First, the robot observes the environment; more specifically, it reads in some representation of the environment. We call this representation the **state**, which we denote as $S$.

The robot has to process $S$ to determine what action to take and does so by consulting a **policy**, which we denote as $\pi$. The robot considers $S$ with regard to $\pi$ and outputs an action $a$.

The action $a$ changes the environment in some way, and we can use a **transition function**, denoted as $T$, to derive a new environment from the current environment and a particular action.

Naturally, the robot reads in the updated environment as a new $S$, against which it consults $\pi$ to generate a new $a$. We refer to this circular process as the **sense, think, act cycle**.

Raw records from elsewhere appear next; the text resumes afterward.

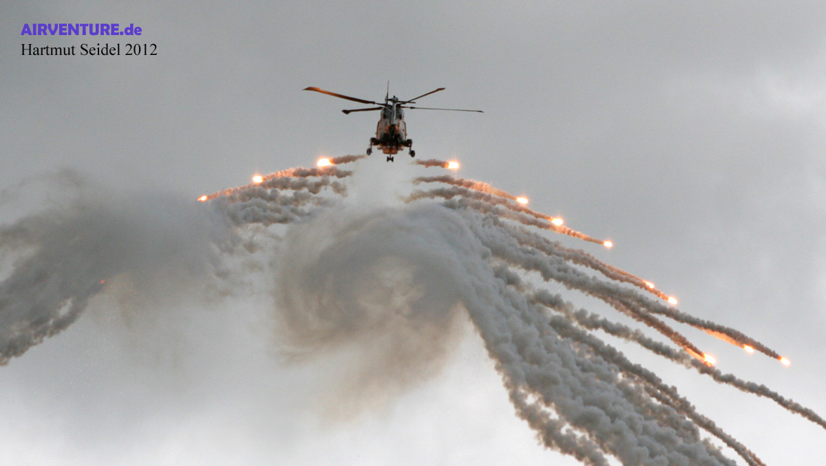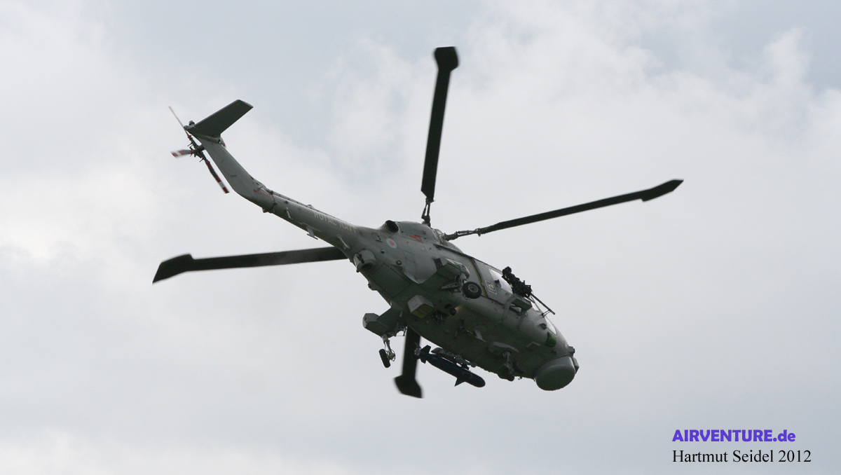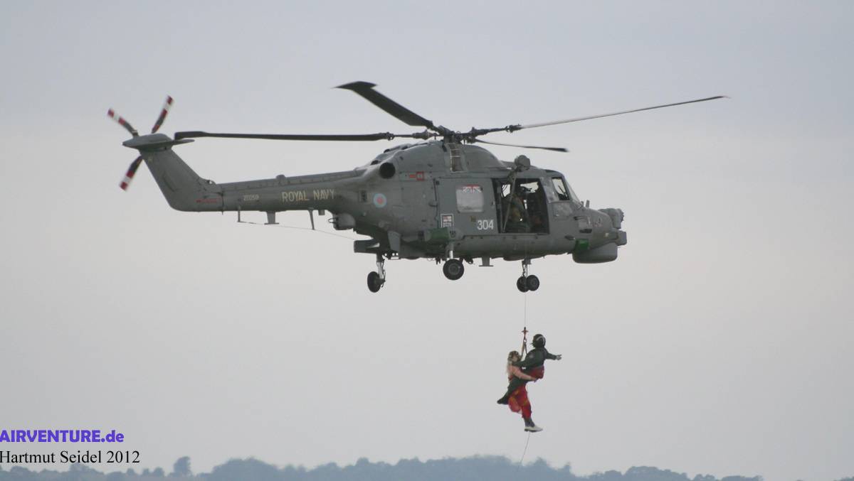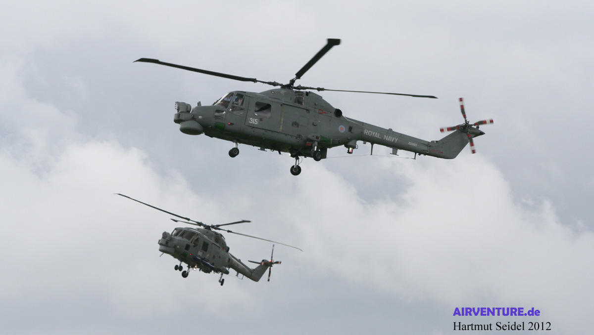 Zu den absoluten Highlights des Yeovilton International Air Day 2012 gehörten wieder mehrere grosse Einsatzdemonstrationen mit einer Vielzahl von daran beteiligten Luftfahrzeugen. Die in Yeovilton stationierte "Maritime Lynx Force" nahm als Thema ihrer "Role Demonstration" einen Anti-Piraten-Einsatz im Indischen Ozean. An der Vorführung waren insgesamt vier Hubschrauber vom Typ Westland Lynx beteiligt. |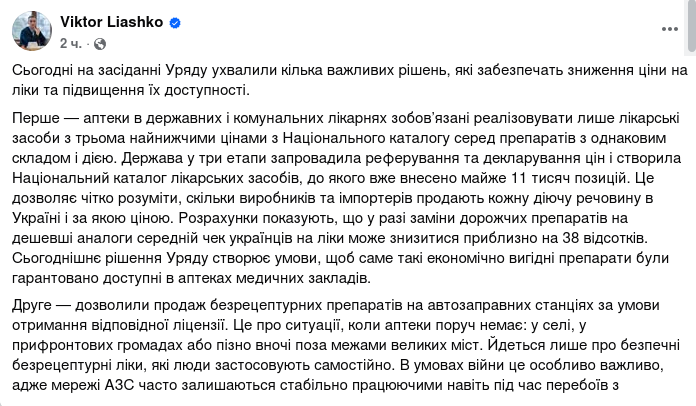 Об этом сообщил министр здравоохранения Виктор Ляшко на своей странице в Фейсбуке.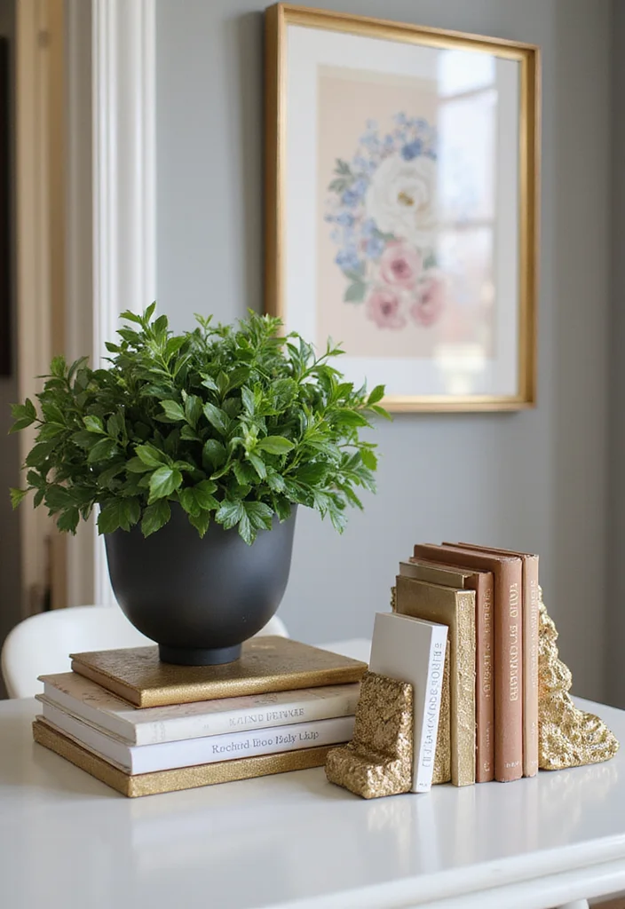 – Select unique items like a vintage globe or a sculptural object to spark conversation.
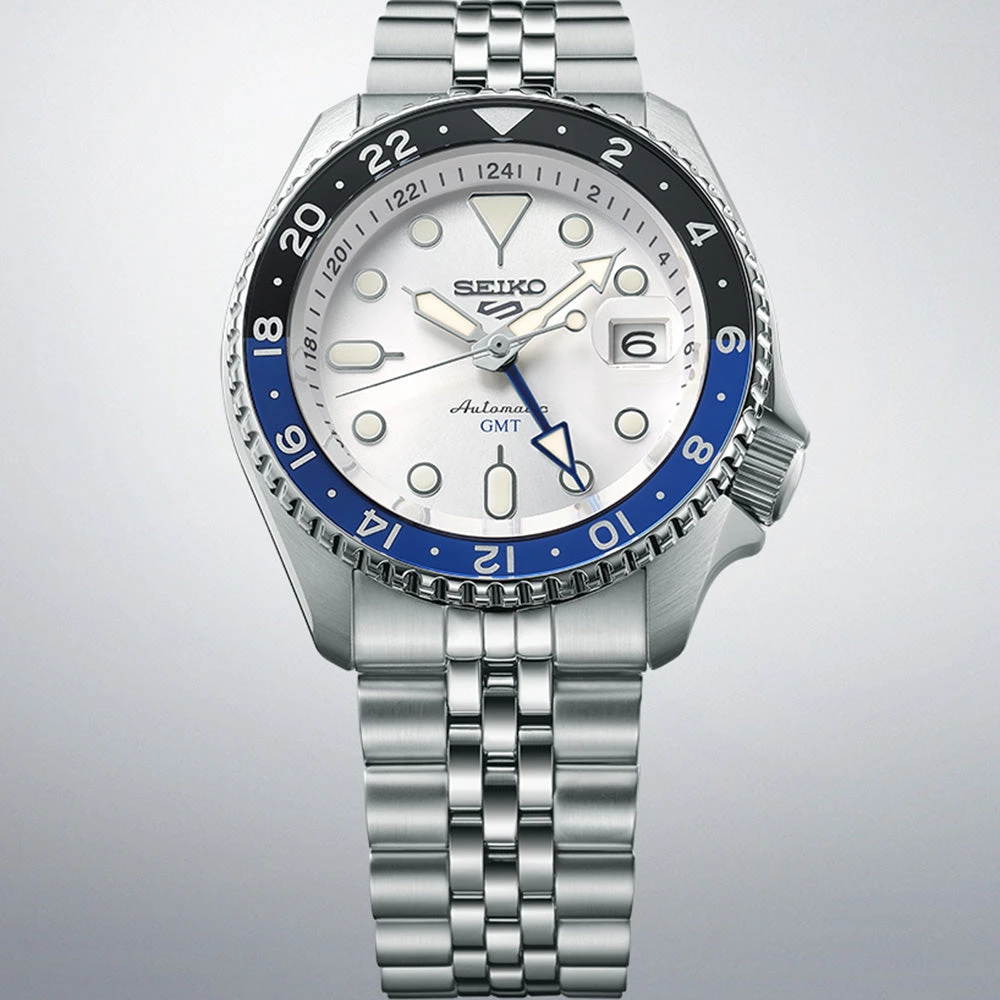 The Seiko 5 SSK033K SKX GMT offers a blend of classic design and robust functionality, perfect for those who appreciate both style and performance. Featuring a 42.5mm silver case and a sleek silver dial, this watch is complemented by a bold black and blue bezel, adding a sporty edge to its appearance. It is powered by the reliable Calibre 4R34 movement, ensuring accurate timekeeping. The Hardlex crystal with magnified glass provides enhanced visibility and durability, while the screw see-through case back reveals the intricate mechanics inside. With a water resistance of up to 100 meters, this timepiece is built to handle various conditions. The silver bracelet is secured with a three-fold clasp that includes a secure lock and push button release, offering both security and ease of use.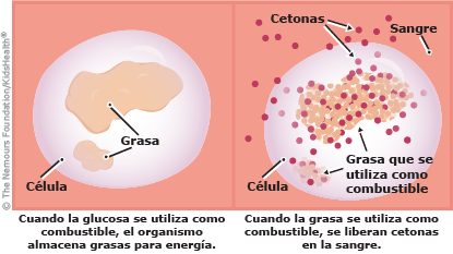 La glucosa (un tipo de azúcar) es la principal fuente de energía del organismo. Pero cuando el cuerpo no puede usar glucosa como combustible (por ejemplo, cuando una persona no tiene la diabetes bajo control), descompone la grasa para obtener energía.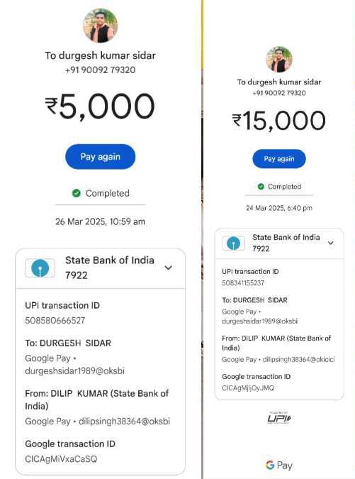 दिलीप चंद्रा नाम के एक शिक्षक की जमीन विवाद से जुड़ा यह पूरा मामला है. बताया जा रहा है कि सक्ती जिले के जैजैपुर तहसील के तहसीलदार नंदकिशोर सिन्हा ने शिक्षक के पक्ष में आदेश पारित करने के लिए रिश्वत की मांग की थी. वीडियो को देखकर यह लग रहा है कि दिलीप चंद्रा ने ही इसे अपने मोबाइल पर कैद किया है. वीडियो में तहसीलदार का घर दिख रहा है, जहां शिक्षक रिश्वत की रकम देने के लिए गया था. तहसीलदार का कर्मचारी (जिसे ड्राइवर बताया गया है) ने अपने फोन पे खाता पर यह रक़म ली है. कर्मचारी का नाम दुर्गेश सिदार है, जिसके फोन पर रिश्वत की रकम भेजी गई है. लल्लूराम.काम के पास दुर्गेश सिदार के फोन पे पर भेजी गई रिश्वत की रकम का स्क्रीन शाट मौजूद है.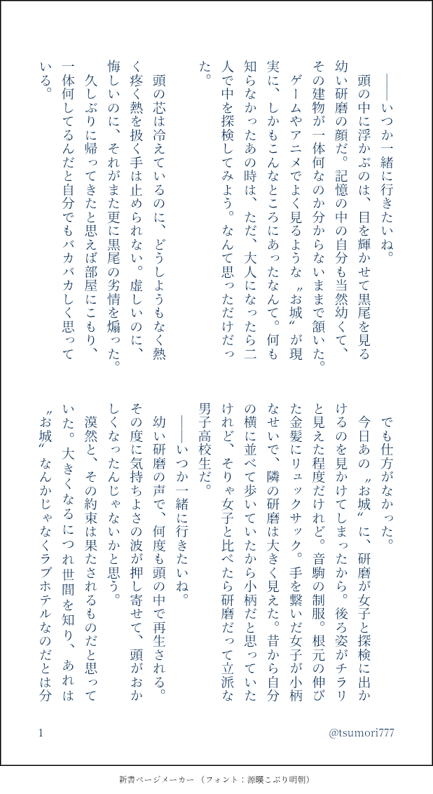 つもり☆こそフォロらくがき黒研。人様にネタを頂きました。大一×高三。 すべて表示(+3枚) タップで全画面(原寸:618x1132)無断転載禁止 リアクションをたくさん送って応援しよう! よく使う人気おやつその他支払処理中 作者からのリプライ 気になる人をどんどんフォローしよう!☆こそフォロ つもりらくがき黒研。人様にネタを頂きました。大一×高三。 4 つもりらくがき大人の黒尾くんと研磨くん。付き合ってない、恋心もない。普通の幼馴染。ブロマンス。 4 つもりできた右から左に読むと研磨くん目線。左から右に読むと黒尾くん目線。黒研ワンドロライ、最後の参加作品。主催者様、お疲れ様でした。 つもりらくがき黒研。ポッキーの日。付き合ってない。 4 つもりらくがき 7 つもりらくがき黒研。大人。 4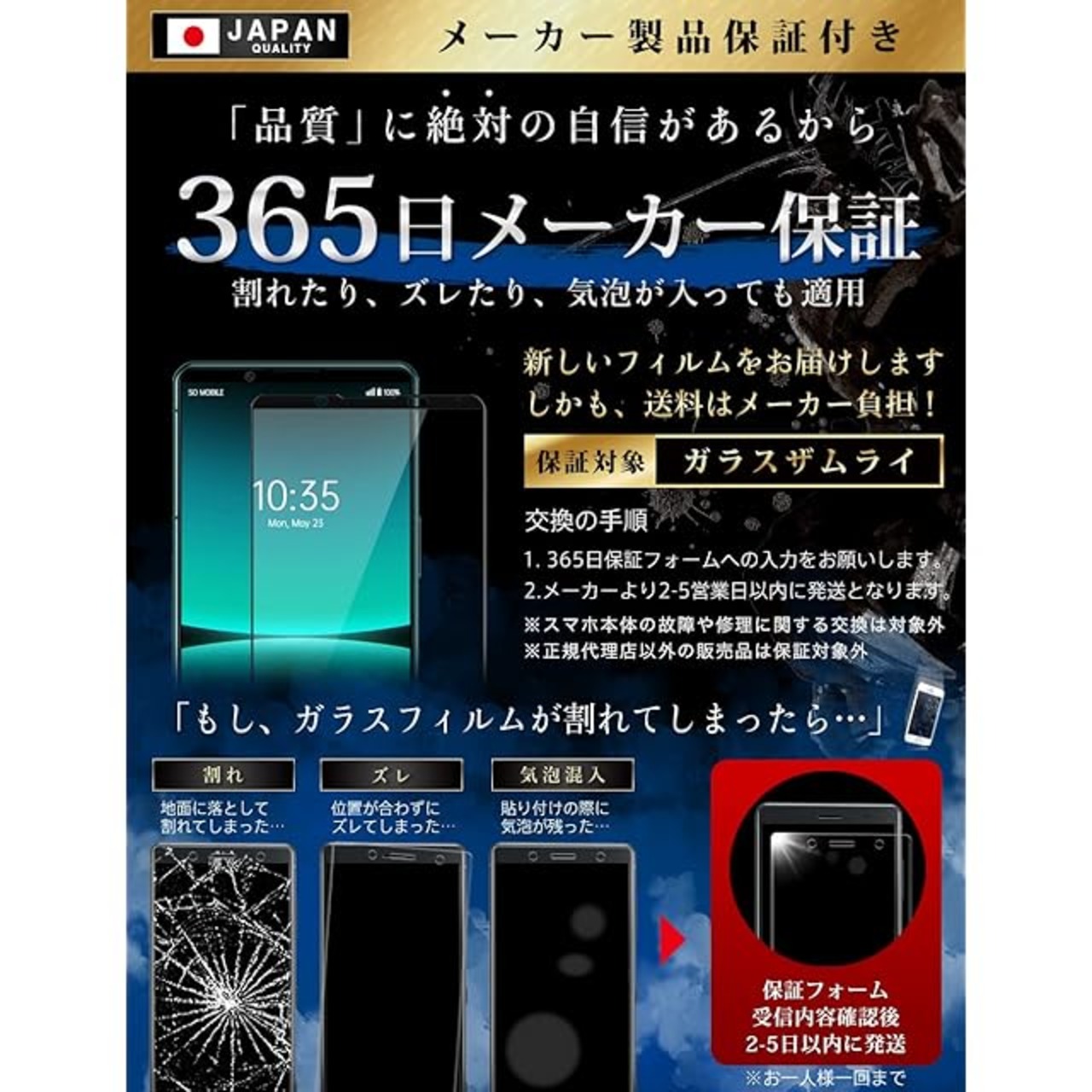 ガラスザムライ Xperia5 マークⅣ 用 ガラスフィルム ブルーライトカット SO-54C 用 SOG09 用 全面保護 硬度 10H 強化ガラス 保護フィルム 米軍MIL規格 357-blue-3d | BASE LINE

To understand how the robot arrives at the policy $\pi$, we have to consider another component of this cycle: the reward, $r$. For any action that the robot takes, in any particular state, there is an associated reward.

As an example, if a navigation robot senses a cliff ahead and chooses to accelerate, the associated reward might be very negative. If, however, the robot chooses to turn around, the reward might be very positive.

In our case, we can imagine that our robot has a little wallet where it keeps its cash. The reward for a particular action might be how much cash that action adds to the wallet. The objective of this robot is to execute actions that maximize this reward.

Somewhere within the robot, there is an algorithm that synthesizes information about $S$, $r$, and $a$ over time to generate $\pi$.

To recap, $S$ is the state of the environment that the robot "senses", and it uses a policy $\pi$ to determine which action $a$ to take. Each action comes with an associated reward $r$, and the robot tries to refine $\pi$ over time to maximize $r$.

In terms of trading, the environment is the market, and the available actions correspond to the actions that we can take in the market, such as buying, selling, or holding. $S$ corresponds to different factors about our current portfolio that we might observe, and $r$ is the return we get for making specific trades.

We want to use reinforcement learning algorithms to trade; to do so, we have to translate the trading problem into a reinforcement learning problem.

Consider the following items. For each item, select whether the item corresponds to a component of the external state $S$, an action $a$ we might take within the environment, or a reward $r$ that we might use to inform our policy $\pi$.

Buying and selling stock are both actions that we execute upon our environment.

Holding long and Bollinger value are both parts of the state. Holding long tells us about our position in a particular stock, and Bollinger value tells us about the current price characteristics of a stock. Both of these pieces of information might drive subsequent action.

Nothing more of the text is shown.